Position a rack 6 inches from the broiler element and heat the broiler on high. Arrange the pancetta on a large rimmed baking sheet and broil until crisp, 2 to 3 minutes. Transfer to a paper towel-lined plate.

Halve the baguette lengthwise. Put the bread cut side up on the oven rack and broil until golden, about 1 minute.

Spread the mayonnaise on the bottom half of the baguette. Lay the tomato slices over the bread and season lightly with salt and pepper. Top with the peach slices, pancetta, and then the lettuce leaves. Replace the top half of the bread, cut the sandwich into 4 pieces, and serve.

Serving Suggestions

Serve with a simple side of Pan-Seared Summer Squash with Crisp Rosemary.
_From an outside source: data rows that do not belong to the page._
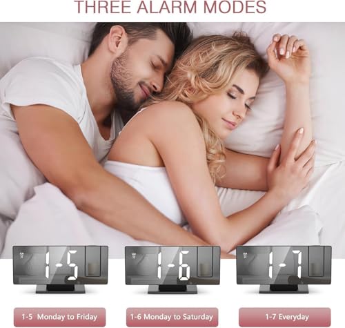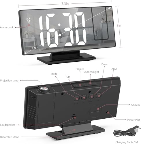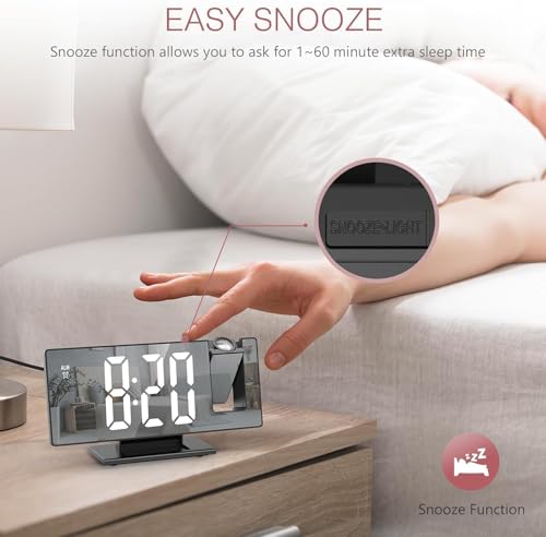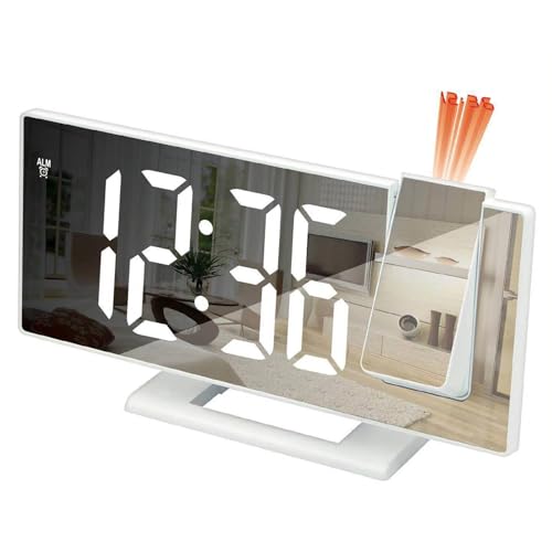 Generic - ساعة منبه رقمية وغفوة مع جهاز عرض دوار 180 درجة، شاشة مراية - ساعة مكتب لغرفة النوم (ساعة منبه رقمية بشاشة عاكسة وبروجكتور دوار 180 درجة) (إطار أبيض)
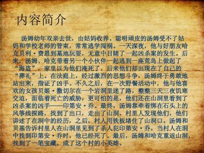《汤姆索亚历险记》英文读后感1000字(2)I was read the book which called “The Adventures of Tom Sawyer”. This story is about a clever boy called Tom Sawyer.
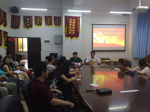 会上,党总支书记李伟民对近期党务工作做了详尽安排。(1)党的群众路线实践教育活动各个支部按照活动方案组织学习活动;(2)结合财经系第二届“教学质量月”开展,各支部要组织党员积极参与,发挥党员的先锋模范作用;(3)各支部完成对党员的评议和评选优秀党员和党务工作者工作,并表决通过评选结果;(4)积极组织各支部党日活动,完成教工支部立项的“党员公开课”及第三员工支部的活动安排;(5)积极筹划6月29日召开的财经系党员大会。
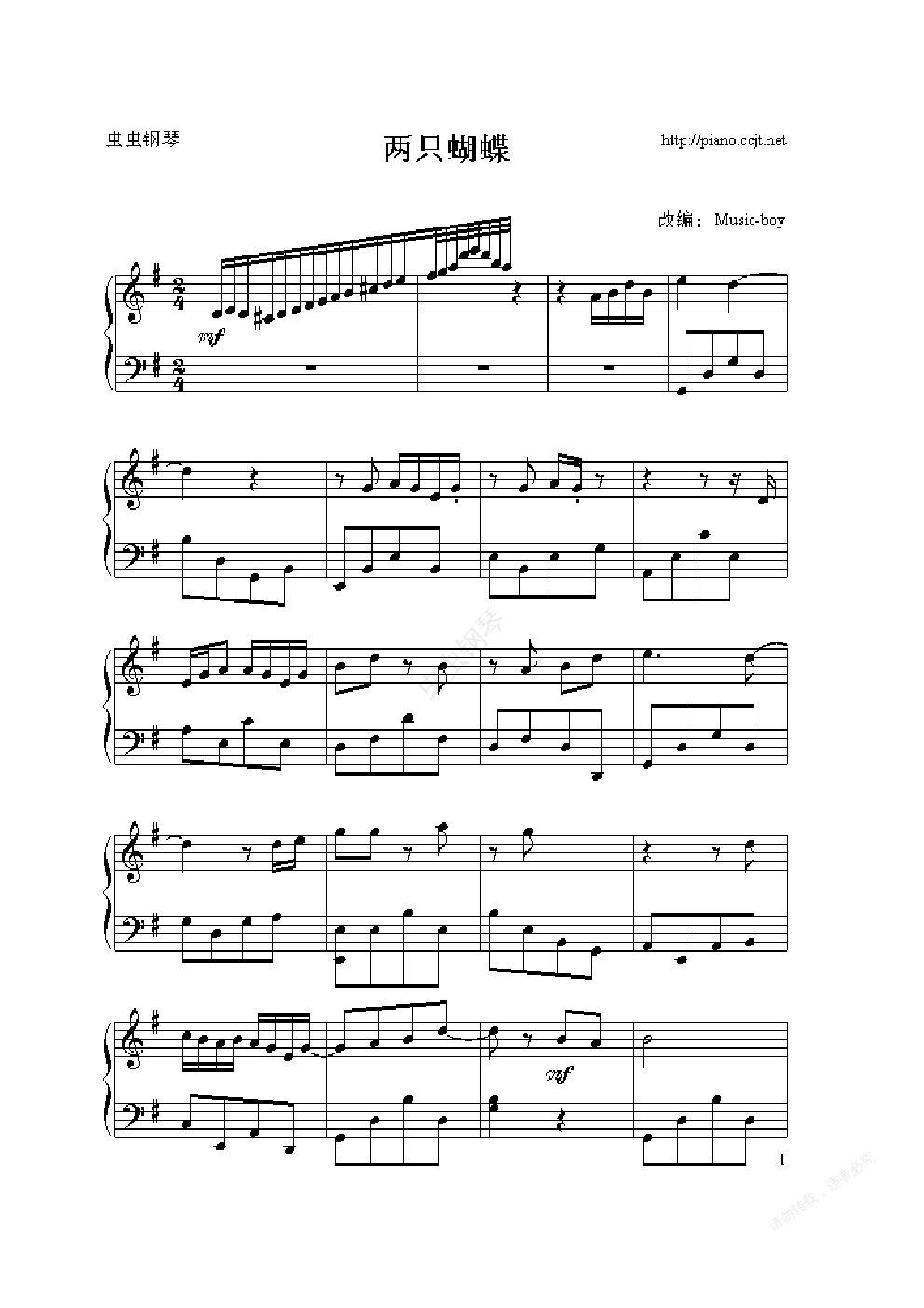 钢琴谱:两只蝴蝶-Music-boy
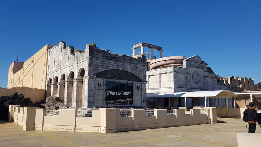 Pirates Blast is an indoor / outdoor coaster, built in the remains of an old dark ride.
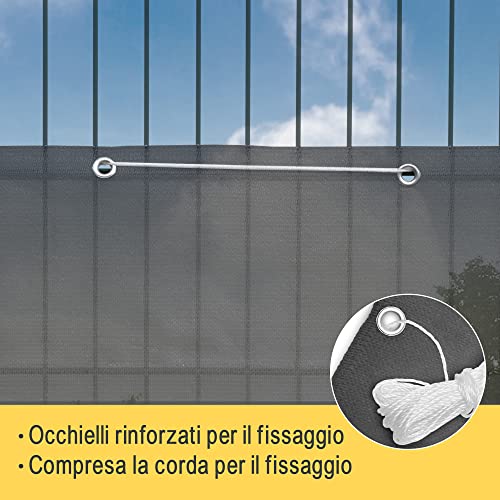 : Grazie alla pratica corda in dotazione è facile da applicare alle ringhiere di balconi o giardini - il telo dispone inoltre di pratiche asole di alluminio

nutrition information (per serving):
Calories (kcal): 400; Fat (g): 17; Fat Calories (kcal): 150; Saturated Fat (g): 5; Protein (g): 18; Monounsaturated Fat (g): 7; Carbohydrates (g): 44; Polyunsaturated Fat (g): 3; Sodium (mg): 1050; Cholesterol (mg): 40; Fiber (g): 3;

Photo: Scott Phillips

Fabulous! I had to use capocollo because it was all I could find and it was probably about 3 to 4 oz instead of 8. (I think prosciutto would work equally as well too.) These were easy, light and the flavors all blended together really well. A good baguette is essential with these.